The listing below should be printed in full and exactly, apart from its images.

── Provided data

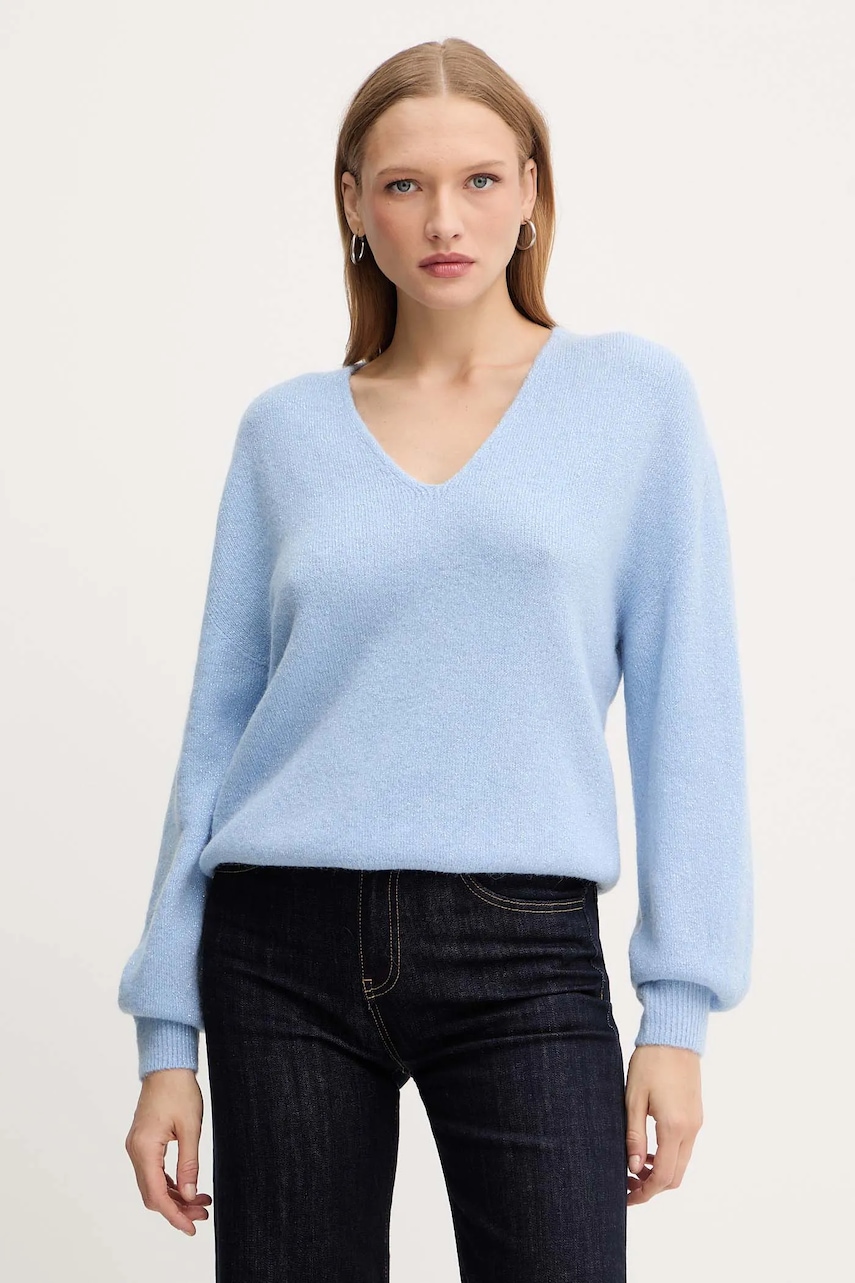 Morgan sweter z dodatkiem wełny damski kolor niebieski MVALI
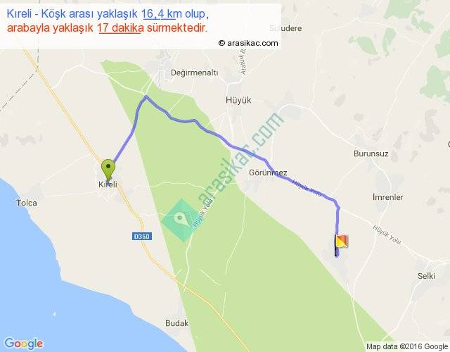 Eğer Kıreli Köşk arası ne kadar yakar (benzin/mazot) diyorsanız, kilometrede 3 ₺ yakan bir aracınız var ise 48, km'de 4 ₺ yakan bir aracınız var ise 64, km'de 5 ₺ yakan bir aracınız var ise 80 ile bu yolculuğu tamamlayabilirsiniz.
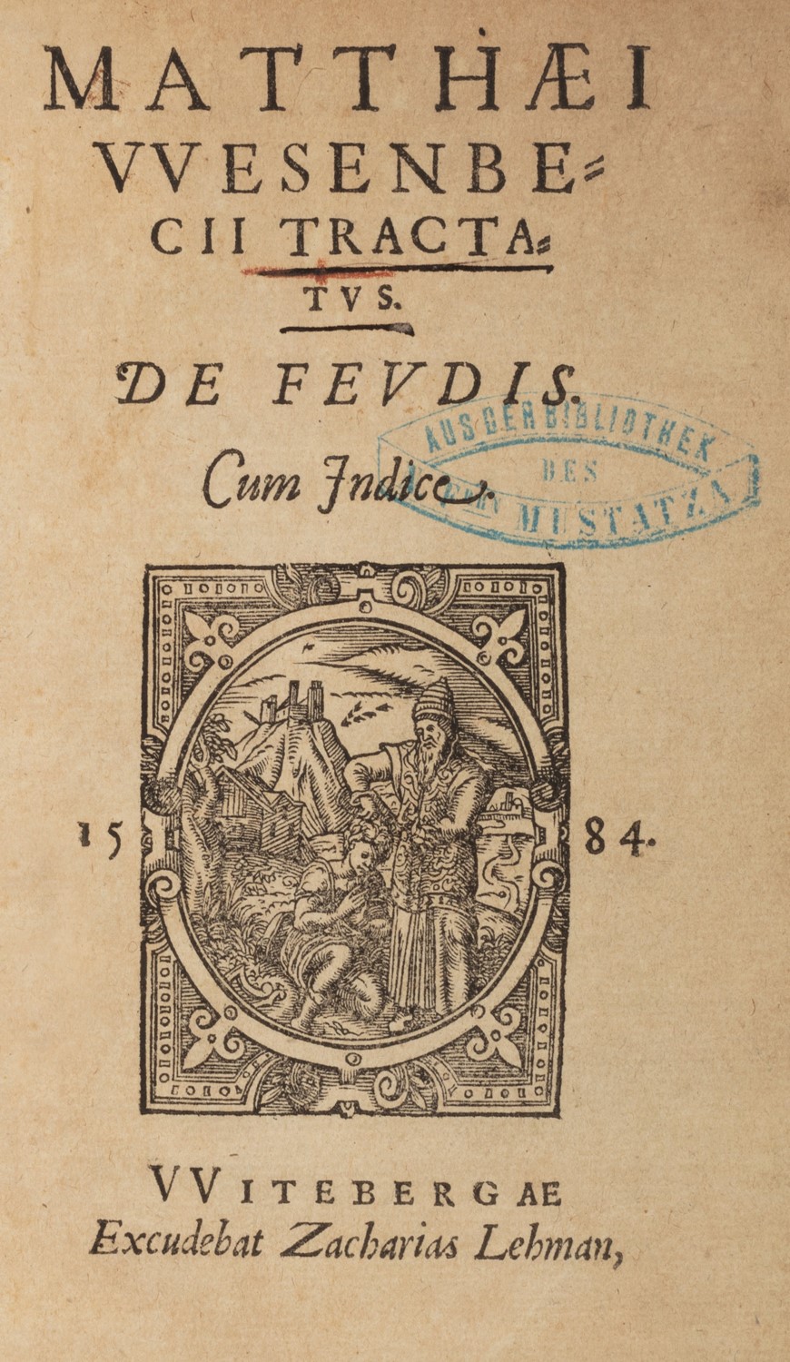 Wittenberg, Zacharias Lehman, 1584. In 8°. Vignetta calcografica al frontespizio, uniforme brunitura. Legato con: Lorenzo Silvano. De Feudi Recognitione. Coloniae Agrippinae (Colonia), Theodorum Baumium, 1578. Marca tipografica al frontespizio, uniforme brunitura, legatura coeva in pergamena rigida. Su entrambi i frontespizi timbro ovale della "Bibliothek Nikolaus Freiherrn Mustatza".
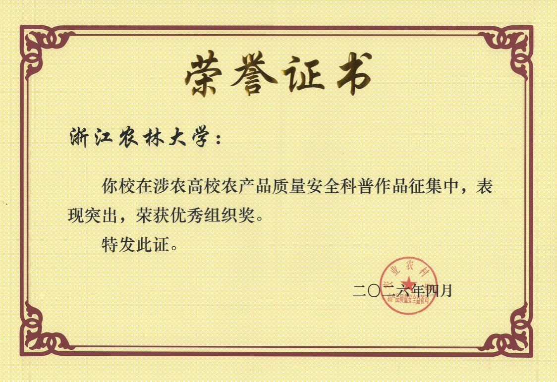 我校作为农业农村部农产品质量安全监管司“农产品质量安全课程进大学校园”第二批协同推进高校,自2024年11月承办工作推进交流活动以来,高度重视农产品质量安全进校园工作,系统构建了“135”农安人才自主培养体系,从课程、产科教、竞赛、实践、科普五个方面协同发力。课程建设上,以《食品法律、法规与标准》课程为范例,打造“课前舆情通报——课中小法堂——课后实验教学”闭环,提升学生对前沿农安知识的理解与应用能力。产科教融合上,以病虫害绿色防控等产业需求为牵引,将科研成果转化为教学案例,实现科研反哺教学。竞赛育人方面,将农产品质量安全知识竞赛和科普作品大赛纳入学科竞赛体系,持续营造农安特色校园文化。实践育人上,组织师生开展农产品质量安全“走基层”活动,将实践教学向真实场景延伸,全面提升学生农安素养。科普宣传上,联合农业农村部质标中心、省农业农村厅等单位开展浙里农安科普进社区活动,提升农安知识传播实效。

────

Solved exercise:
 Morgan sweter z dodatkiem wełny damski kolor niebieski MVALI
 Eğer Kıreli Köşk arası ne kadar yakar (benzin/mazot) diyorsanız, kilometrede 3 ₺ yakan bir aracınız var ise 48, km'de 4 ₺ yakan bir aracınız var ise 64, km'de 5 ₺ yakan bir aracınız var ise 80 ile bu yolculuğu tamamlayabilirsiniz.
 Wittenberg, Zacharias Lehman, 1584. In 8°. Vignetta calcografica al frontespizio, uniforme brunitura. Legato con: Lorenzo Silvano. De Feudi Recognitione. Coloniae Agrippinae (Colonia), Theodorum Baumium, 1578. Marca tipografica al frontespizio, uniforme brunitura, legatura coeva in pergamena rigida. Su entrambi i frontespizi timbro ovale della "Bibliothek Nikolaus Freiherrn Mustatza".
 我校作为农业农村部农产品质量安全监管司“农产品质量安全课程进大学校园”第二批协同推进高校,自2024年11月承办工作推进交流活动以来,高度重视农产品质量安全进校园工作,系统构建了“135”农安人才自主培养体系,从课程、产科教、竞赛、实践、科普五个方面协同发力。课程建设上,以《食品法律、法规与标准》课程为范例,打造“课前舆情通报——课中小法堂——课后实验教学”闭环,提升学生对前沿农安知识的理解与应用能力。产科教融合上,以病虫害绿色防控等产业需求为牵引,将科研成果转化为教学案例,实现科研反哺教学。竞赛育人方面,将农产品质量安全知识竞赛和科普作品大赛纳入学科竞赛体系,持续营造农安特色校园文化。实践育人上,组织师生开展农产品质量安全“走基层”活动,将实践教学向真实场景延伸,全面提升学生农安素养。科普宣传上,联合农业农村部质标中心、省农业农村厅等单位开展浙里农安科普进社区活动,提升农安知识传播实效。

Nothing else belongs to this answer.